*** Opening DATA RECORDS ***

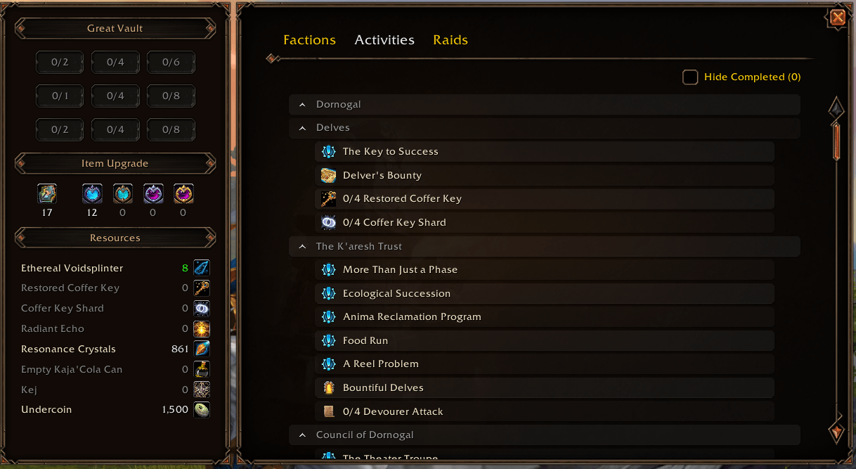 Reputation and raid tracking hub
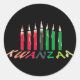 Kwanzaa es una semana de feriado que se observa en Estados Unidos en honor a la cultura y herencia universal africana. Es una celebración de la familia y la comunidad. Las siete velas representan los siete principios de Kwanzaa, cada uno en un día de las celebraciones. Primero está Umoja (unidad) para luchar por y mantener la unidad en la familia, la comunidad, la nación y la raza. Segundo es Kujichagulia (autodeterminación) para definirnos, llamarnos a nosotros mismos, crear para nosotros mismos y hablar por nosotros mismos. Tercero Ujima (trabajo colectivo y responsabilidad) para construir y mantener unida nuestra comunidad y hacer de los problemas de nuestra hermana y de nuestro hermano nuestros problemas y resolverlos juntos. Cuarto es Ujamaa (economía cooperativa) para construir y mantener nuestras propias tiendas, tiendas y otros negocios juntos. Quinto es Nia (propósito) de hacer de nuestra vocación colectiva la construcción de nuestra comunidad para restaurar a nuestro pueblo a su tradicional grandeza. Sexto es Kuumba (creatividad) para hacer todo lo posible para dejar a nuestra comunidad más bella y beneficiosa de lo que la heredamos. Y por último, séptimo es Imani (fe) creer con nuestros corazones en nuestro pueblo, nuestros padres, nuestros maestros, nuestros líderes y la rectitud y victoria de nuestra lucha.
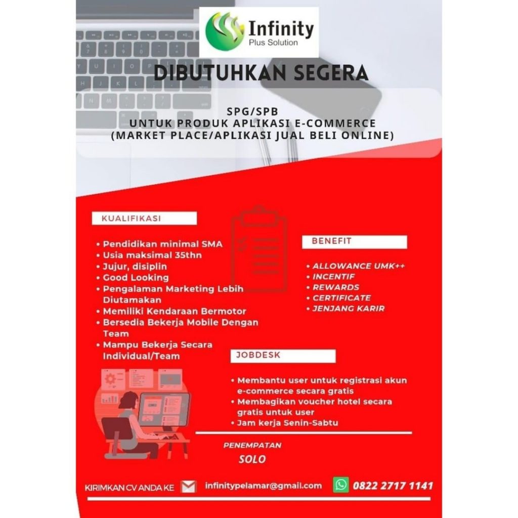 ? Loker SPG Produk Aplikasi E-commerce PT Infinity Plus Solution
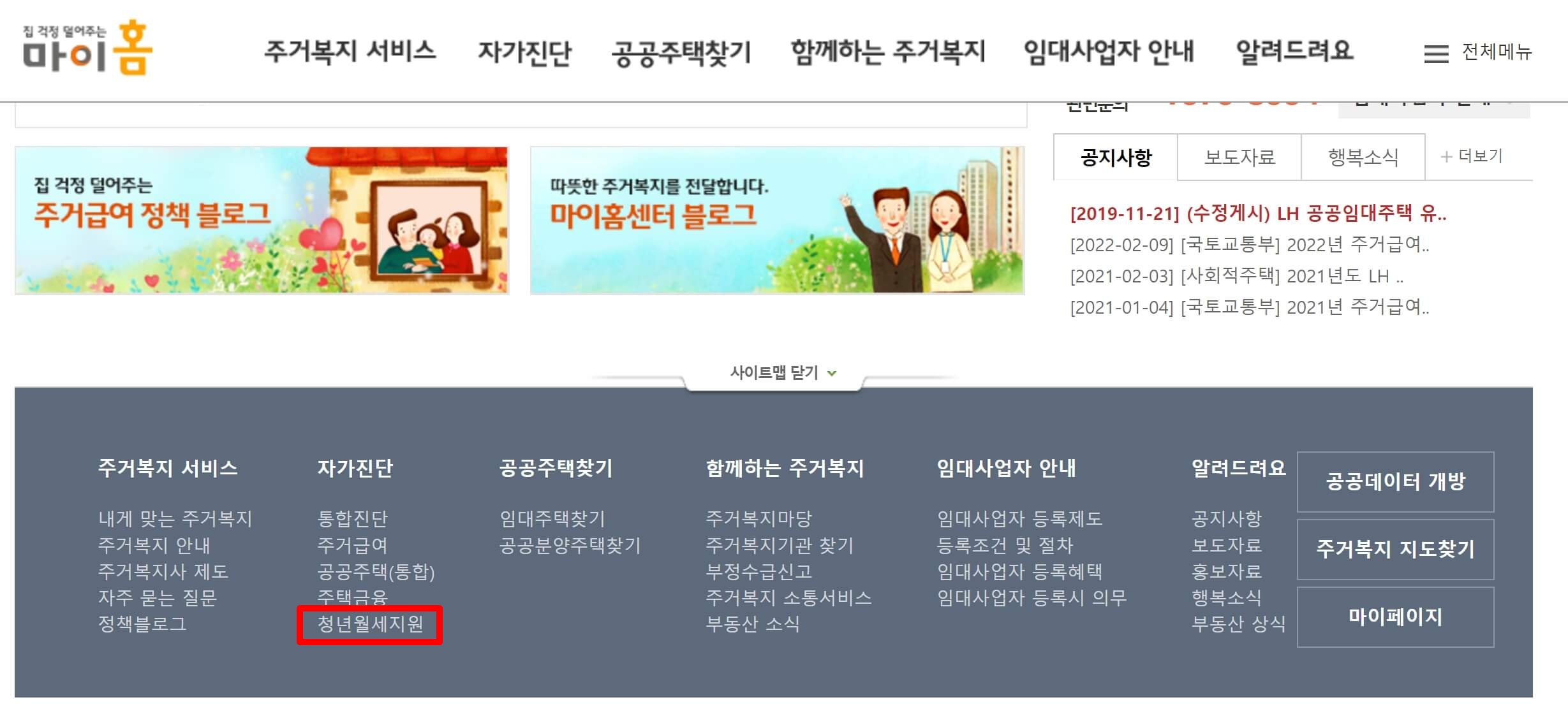 신청하기 전 「마이홈」 이나 「복지로」 에서 자가진단을 해보면 조건에 부합하는지 확인 가능합니다.
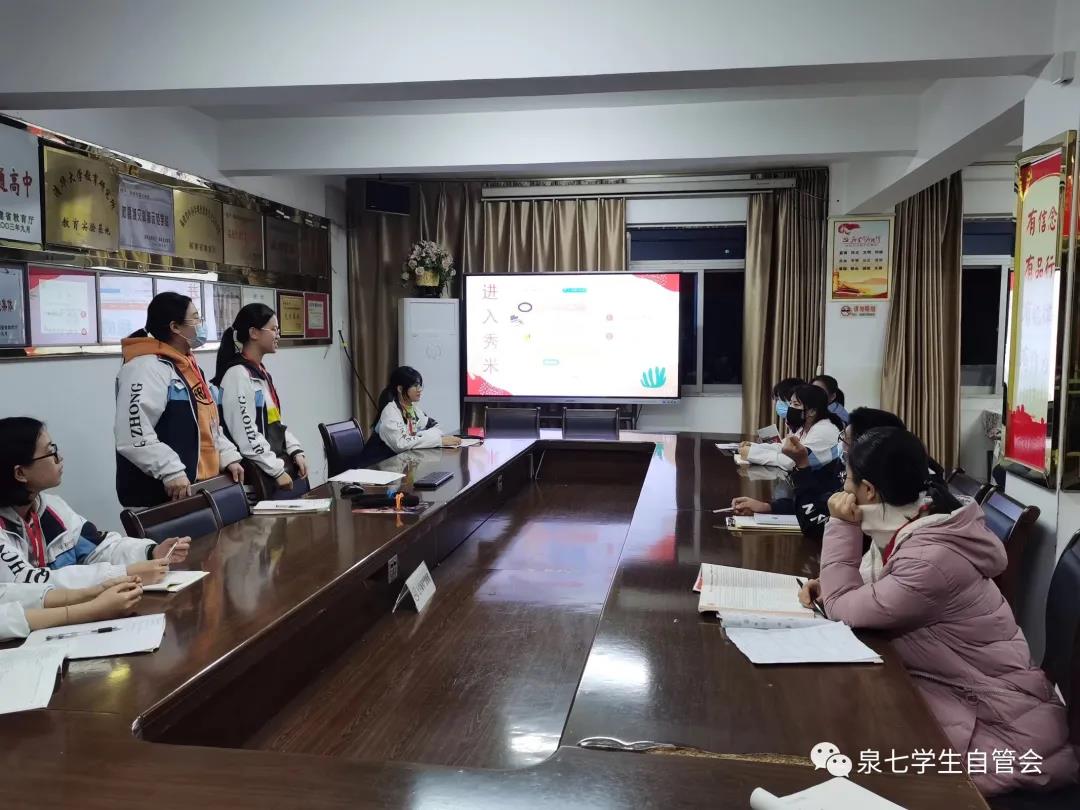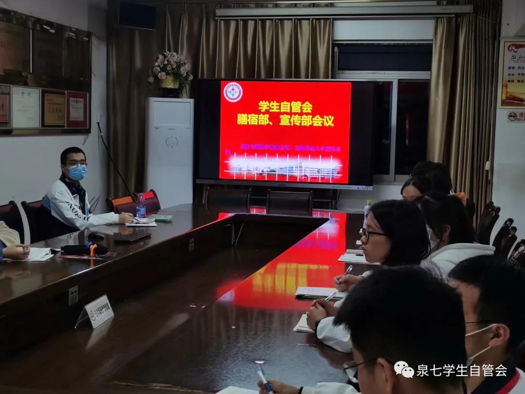 不知不觉中,学生自管会的新成员们已一起工作了半个多学期。为了让各班班长、宣传委员、生活委员更好的管理班级、宣传报道各班自我管理的经验建议,泉州七中学生自管会于2021.11.24日,周三晚在春晖楼六楼会议室召开了班联部、宣传部、膳宿部联席会议。

*** Closing DATA RECORDS ***

- **YOUR ASSIGNMENT**
The pictures stay out of the copy. Set down the entries above precisely.

- **OUTPUT OF THE EXERCISE**
 Reputation and raid tracking hub
 Kwanzaa es una semana de feriado que se observa en Estados Unidos en honor a la cultura y herencia universal africana. Es una celebración de la familia y la comunidad. Las siete velas representan los siete principios de Kwanzaa, cada uno en un día de las celebraciones. Primero está Umoja (unidad) para luchar por y mantener la unidad en la familia, la comunidad, la nación y la raza. Segundo es Kujichagulia (autodeterminación) para definirnos, llamarnos a nosotros mismos, crear para nosotros mismos y hablar por nosotros mismos. Tercero Ujima (trabajo colectivo y responsabilidad) para construir y mantener unida nuestra comunidad y hacer de los problemas de nuestra hermana y de nuestro hermano nuestros problemas y resolverlos juntos. Cuarto es Ujamaa (economía cooperativa) para construir y mantener nuestras propias tiendas, tiendas y otros negocios juntos. Quinto es Nia (propósito) de hacer de nuestra vocación colectiva la construcción de nuestra comunidad para restaurar a nuestro pueblo a su tradicional grandeza. Sexto es Kuumba (creatividad) para hacer todo lo posible para dejar a nuestra comunidad más bella y beneficiosa de lo que la heredamos. Y por último, séptimo es Imani (fe) creer con nuestros corazones en nuestro pueblo, nuestros padres, nuestros maestros, nuestros líderes y la rectitud y victoria de nuestra lucha.
 ? Loker SPG Produk Aplikasi E-commerce PT Infinity Plus Solution
 신청하기 전 「마이홈」 이나 「복지로」 에서 자가진단을 해보면 조건에 부합하는지 확인 가능합니다.
 不知不觉中,学生自管会的新成员们已一起工作了半个多学期。为了让各班班长、宣传委员、生活委员更好的管理班级、宣传报道各班自我管理的经验建议,泉州七中学生自管会于2021.11.24日,周三晚在春晖楼六楼会议室召开了班联部、宣传部、膳宿部联席会议。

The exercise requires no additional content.